Matrix Agent, I like your idea. I think it's up to the application to keep its icon up to date (like Mail.app does), so we'll have to bug our favorite app vendors to include that feature.

Of course when I say "bug" I mean "politely ask."

-Rob


----------



## monty (Apr 25, 2001)

for all those interested it seems like you can update a programs icon by calling a single method:
[NSApp setApplicationIconImage:anImage];

So it is fairly simple in cocoa at least. Anyone no if it is even possible in a carbon app?

Peter


----------



## DArnaez (Sep 18, 2009)

Please guys. I want to contact with any of you that know or can help me to do this animated icons. I do these stuf for Windows but I can find a software to can use my PNG sequences to do animated icons that can work on desktop or at least on the dock.
Please check my stuff on www.cryo64.com It could be fantastic and unique. Thanks!


----------



## Giaguara (Sep 19, 2009)

You revived a _8 years_ old thread about Mac OS X dock icons to ask for help for _Windows_ software?


----------



## DArnaez (Sep 19, 2009)

No no... I want to do the same that I already do for WIndows but now I want to do it also for Mac. I want to do animated icons for Mac OSX.


----------



## ElDiabloConCaca (Sep 19, 2009)

There is no such thing as "animated" icons in the Dock.  You can change a Dock's icon to display useful information, and, if you wish for a "hack," you can simply change the icon over and over again in a loop to give the illusion of animation.  Plenty of programs do this -- Adium (a chat program) does this.

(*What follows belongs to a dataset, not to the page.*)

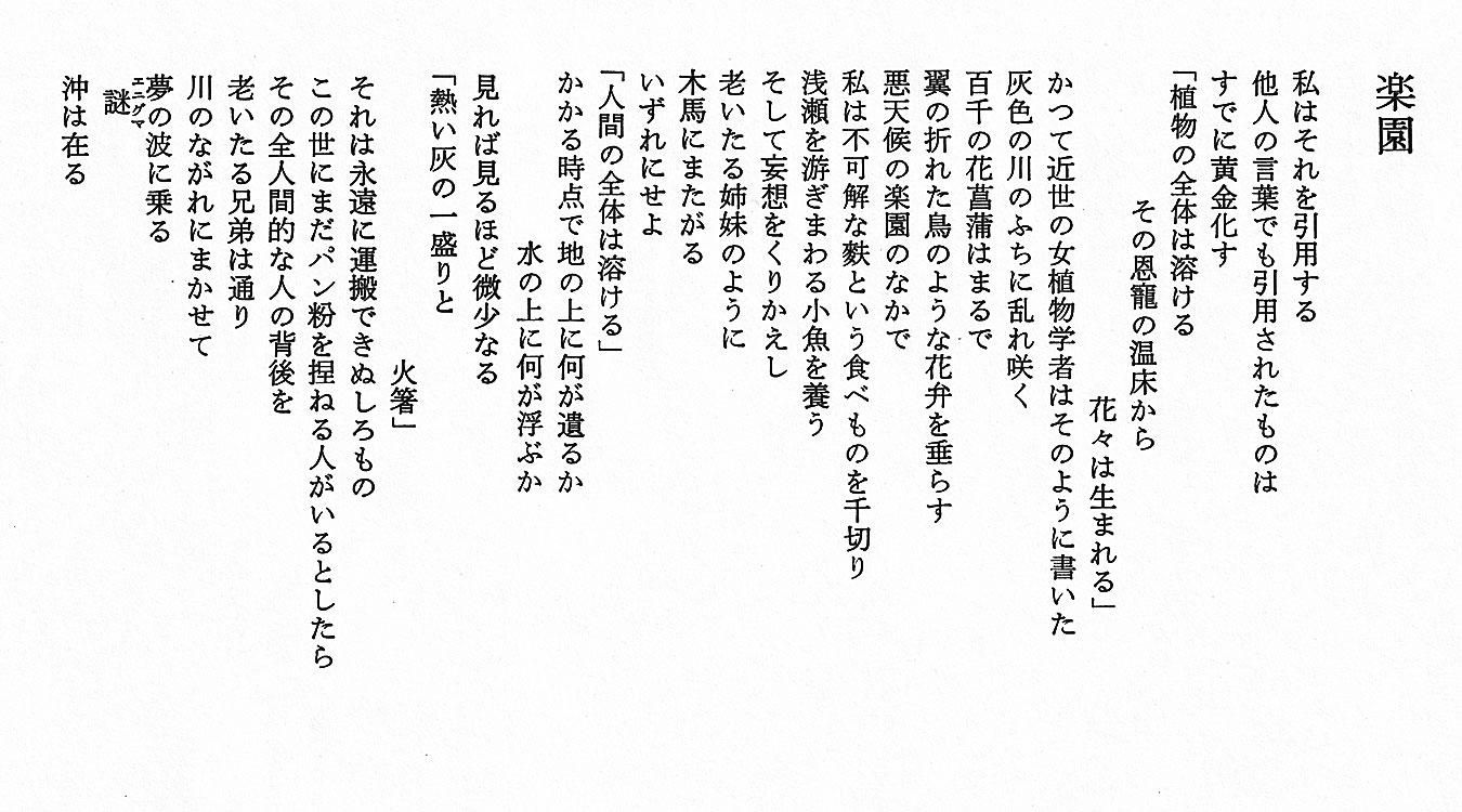 「楽園」(吉岡 実) 吉岡実 2026.01.22 詩集『夏の宴』(1979年)/現代史読本「吉岡 実」 「静物」(吉岡 実) 「樹」(吉岡 実) 「卵」(吉岡 実) 「過去」(吉岡 実) 「僧侶」(吉岡 実) 「苦力」(吉岡 実) 「サフラン摘み」(吉岡 実) 「ルイス・キャロルを探す方法」(吉岡 実) 「楽園」(吉岡 実) 「晩夏」(吉岡 実)
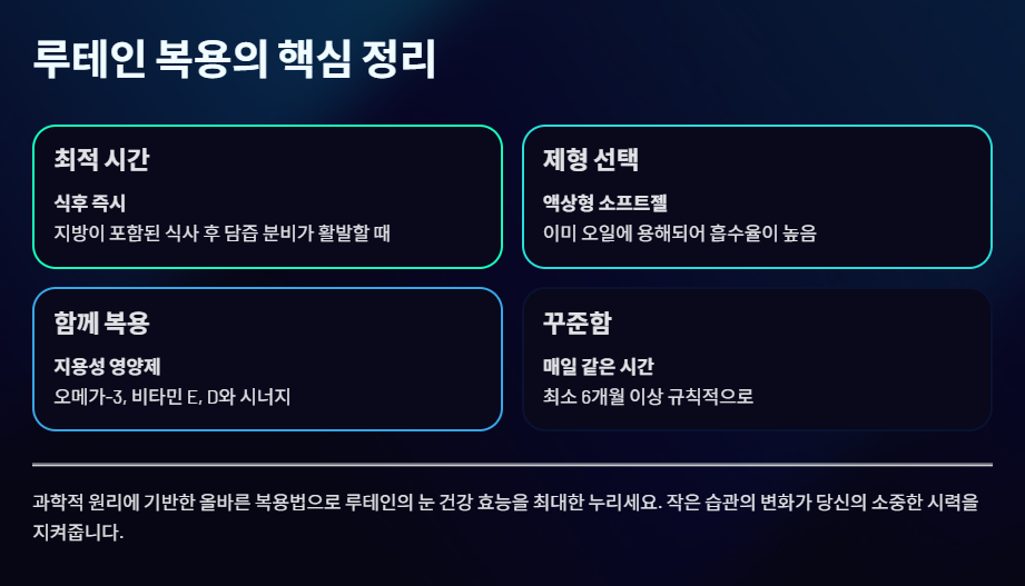 루테인의 최적 복용 시간은 지방이 포함된 식사 후 즉시이며, 이는 루테인(지용성)이 지방의 도움을 받아야만 흡수될 수 있는 과학적 원리 때문입니다. 오메가-3 등 다른 지용성 영양제와 함께 액상형 캡슐로 꾸준히 섭취하는 것이 루테인의 눈 건강 효능을 가장 확실하게 체감하는 방법입니다.

If you still wish to pursue this, read up on what monty posted.  It's the Objective-C call for changing a Dock's icon within a program.

With that being said, you cannot create an "animated" icon outside of a program.  Icons themselves are static by nature.  You would have to create a full-fleged Mac OS X application in order to create an animated icon for that application.


----------



## DArnaez (Sep 19, 2009)

I see... well, the idea is that icons play a image sequence when mouse is over. In DesktopX (unfortunately only for Windows) I use an static png image (ie. 96x96 px) for the icon and for the mouse over I do a PNG file pasting frame by frame, side by side doing the sequence (96x480 px). So the program Play the images creating the illusion.
You mentioned about to create that "simply changing the icon over and over again". And THAT is my point! How do that?  I can't find a sowtware to do these things in Mac and I can't believe it. Mac environment is by far vary much solid than Windows... 
Thanks!


----------



## ElDiabloConCaca (Sep 19, 2009)

It doesn't appear that there is software for Mac OS X that will take static icons and allow you to replace them with animated ones.

The only way to do this would be to create your own program, using the XCode IDE, and create a program that has an animated icon.  You would do this by creating a new Mac OS X application, importing your icons, then calling the [NSApp setApplicationIconImage:anImage] method over and over.  This is usually not used to animate icons; rather, it's used to place status badges and what-not on the icon... like the Mail icon's number of unread messages badge.

If you're not a programmer, and you're not familiar with the Objective-C language, then you're at a dead-end.  You will not and cannot animate icons in OS X, then.

I think what you're trying to do is replace icons in Mac OS X with animated versions of those icons -- you cannot do this.  You can only control the animation of an icon in a program that you created.


----------



## DArnaez (Sep 19, 2009)

Interesting... well I think I should to hire a programmer for this. But you gave me a good idea... may be if I create a program with many icons (with animation on mouse_over), one icon by each application... and if each of those customized icons can run the application... just like a shortcut... could be great.
Let me ask you... what I need to search? a cocoa programmer, Xcode programmer, or what?
Thanks for your advice, man.


----------



## ElDiabloConCaca (Sep 19, 2009)

XCode is an IDE, meaning you can use any number of languages with it (C, C++, Objective-C, Java, etc.).

More than likely you'll need someone proficient in Objective-C.


----------